NewsGuard’s Gregory said one “time-tested” tactic used by vaccine opponents is to “grossly misrepresent some type of research, some type of data, in order to further the narrative they choose.”

Facebook says it is now limiting the reach of posts that could prevent people from getting vaccinated, even if the messages didn’t explicitly break the rules.

But the game of cat and mouse continues.

Anti-vaccine activists are calling for censorship

While the social networks have taken hold, some previously prolific vaccine misinformation spreaders have toned down their posts, telling their followers that they are being censored.

Anatomy of a COVID-19 conspiracy theory

Take anti-vaccine activist Robert F. Kennedy Jr., who advocated the long-discredited idea that vaccines are linked to autism. During the pandemic, he linked unsubstantiated conspiracy theories 5G cellular networks on coronavirus, suggesting with no evidence that the death of great baseball player Hank Aaron was “part of a wave of suspicious deaths” linked to vaccines.

None of this is true.

Kennedy was Instagram started, who owns Facebook, in February for repeatedly sharing debunked claims.

However, Facebook has not removed him from its platform of the same name. He told NPR that the company had marked some of his posts, which is why he had become more cautious.

“I have to post unicorns and cat pictures there,” he said. “I don’t want to apologize to you.”

He also uses it to promote his website and newsletter, where he claims he can’t be on the social network.

Kennedy said he never posted misinformation and accused Facebook of censorship. He says it cost “hundreds of thousands of dollars” in donations to his organization.

A fight of conviction

Although social media companies have grown tougher recently due to misinformation, researchers fear the survival of vaccine-related vaccines will further undermine the confidence of people who are reluctant to get the shot.

This is of particular concern when vaccines are introduced Children from 12 years.

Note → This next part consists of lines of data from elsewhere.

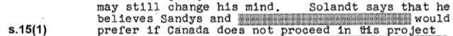 Oh, “the other British people.” That was thought to be secret, but the Minister’s name was not? This doesn’t seem like a judicious use of Section 15(1), which allows the government to refuse to disclose information that “could reasonably be expected to be injurious to the conduct of international affairs, the defence of Canada or any state allied or associated with Canada or the detection, prevention or suppression of subversive or hostile activities,” etc.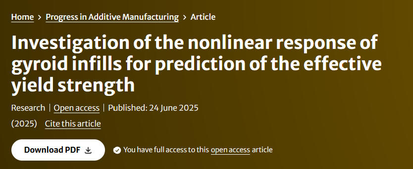 研究人员指出:“半经验方程简化了强度预测过程,便于将螺旋填充结构应用于设计决策或优化程序。通过执行压缩和剪切试验,我们验证了有限元分析(FEA)预测的强度与实际制造数据之间的一致性。所提出的分析方法可以轻松地拓展到其它填充类型的类似性能预测中。”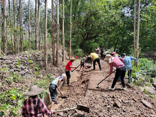 廣西武宣縣東鄉(xiāng)鎮(zhèn)屯應村黨員干部與群眾一起修水渠抗旱。雷正曉 攝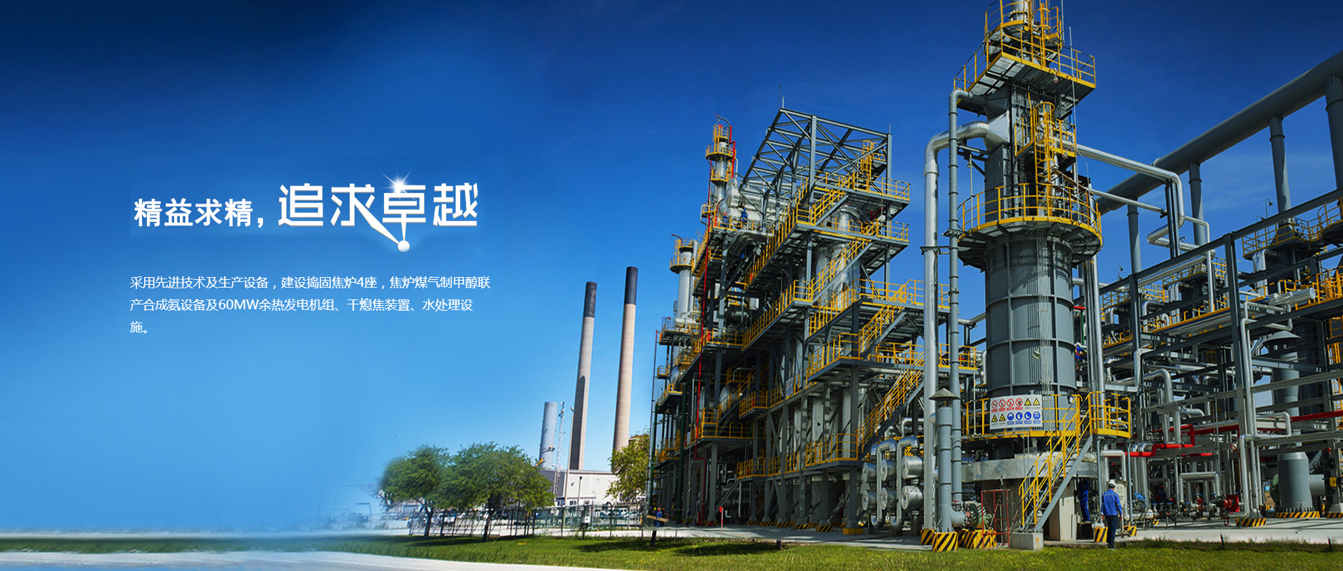 用先進技術及生產設備,建設搗固焦爐4座,焦爐煤氣制甲醇聯產合成氨設備及60MW余熱發電機組、干熄焦裝置、水處理設施。

CDC says children 12 and over should receive the Pfizer COVID-19 vaccine

In a survey of US parents, Indiana University sociologist Jessica Calarco found that more than a quarter have no plans to vaccinate their children.

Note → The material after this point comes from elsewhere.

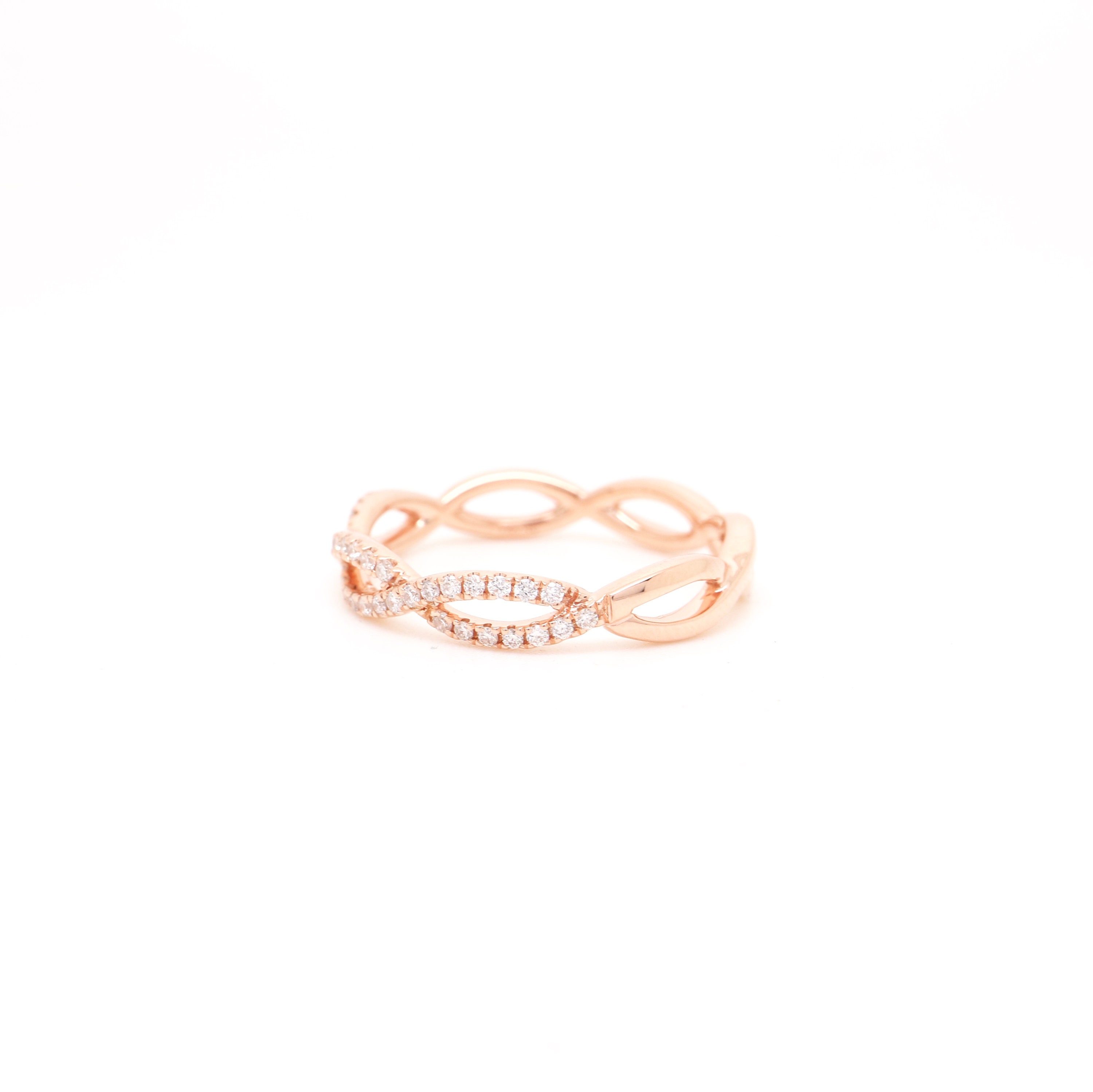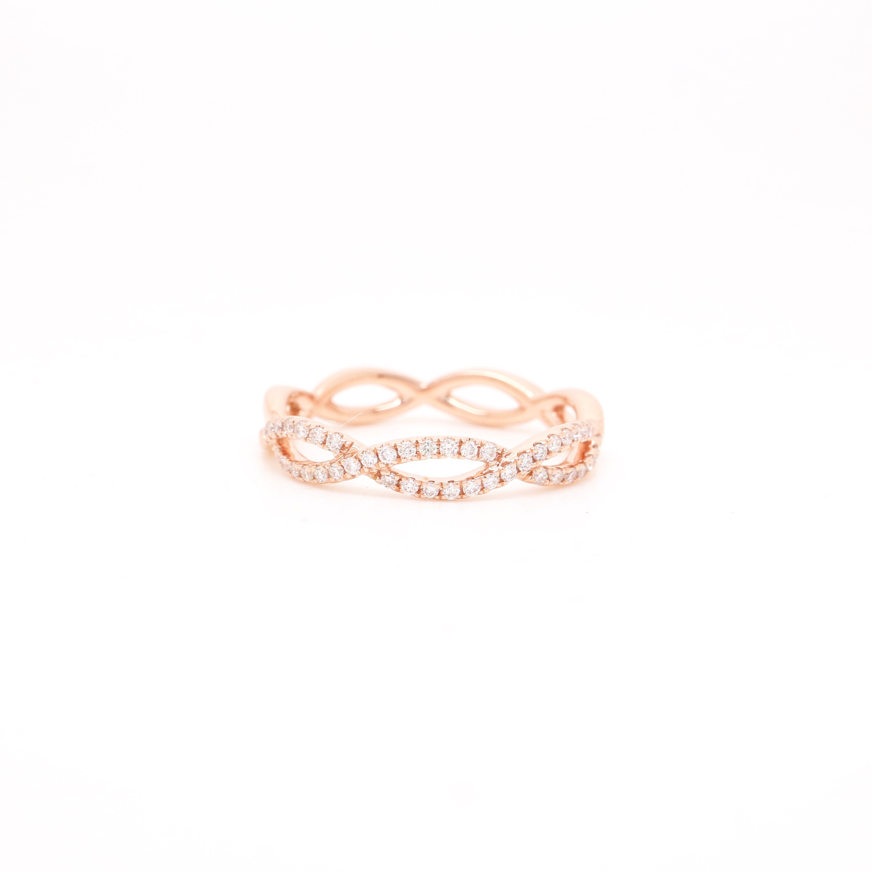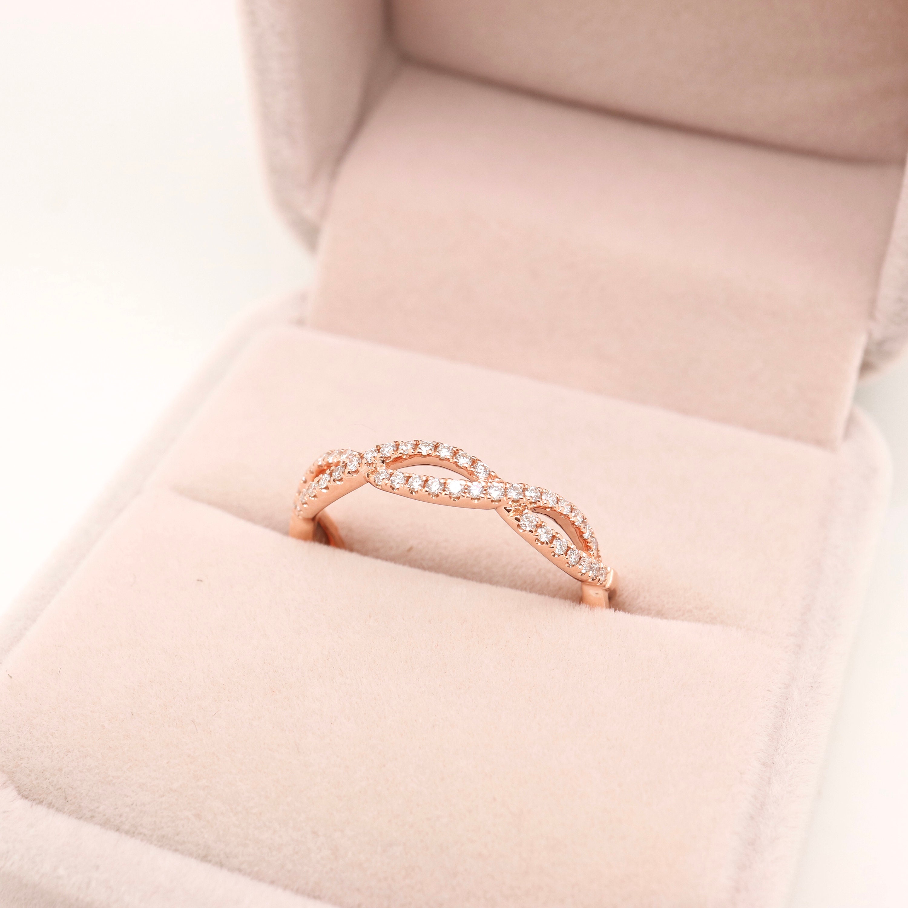 The Infinity Wedding Band can be worn solo or stacked with other rings as a modern set. Cast from polished 18K rose gold, it's set with 0.22ct of pavéd diamonds that catch the light from every angle.

“So many of these mothers are turning to Facebook, turning to Twitter, turning to other social media platforms,” ​​for news and information, she said. “And they say, ‘Every time I open my phone, I see something different.'”

Even some parents whose children received routine childhood vaccinations told Calarco they are not sure about COVID shocks.

Facebook this week published survey data Adult vaccine acceptance in the US has increased 10 percent since January. However, the survey also shows that the top reasons people say they don’t want to be vaccinated are concerns about side effects and lack of trust in the vaccines or the government – exactly the kind of fears that anti-vaccination accounts encourage .

The social networks say augmenting credible information from authoritative sources such as the Centers for Disease Control and Prevention is as important as reducing the spread of harmful spots. Both Facebook and Twitter link to public health information in their apps and in the labels they put on misleading posts.

But they are now facing an uphill battle to convince the skeptics.

Calarco says many of the parents she spoke to weigh the posts they see on social media “alike against the kind of medical expert recommendations and medical expert information from things like the CDC”.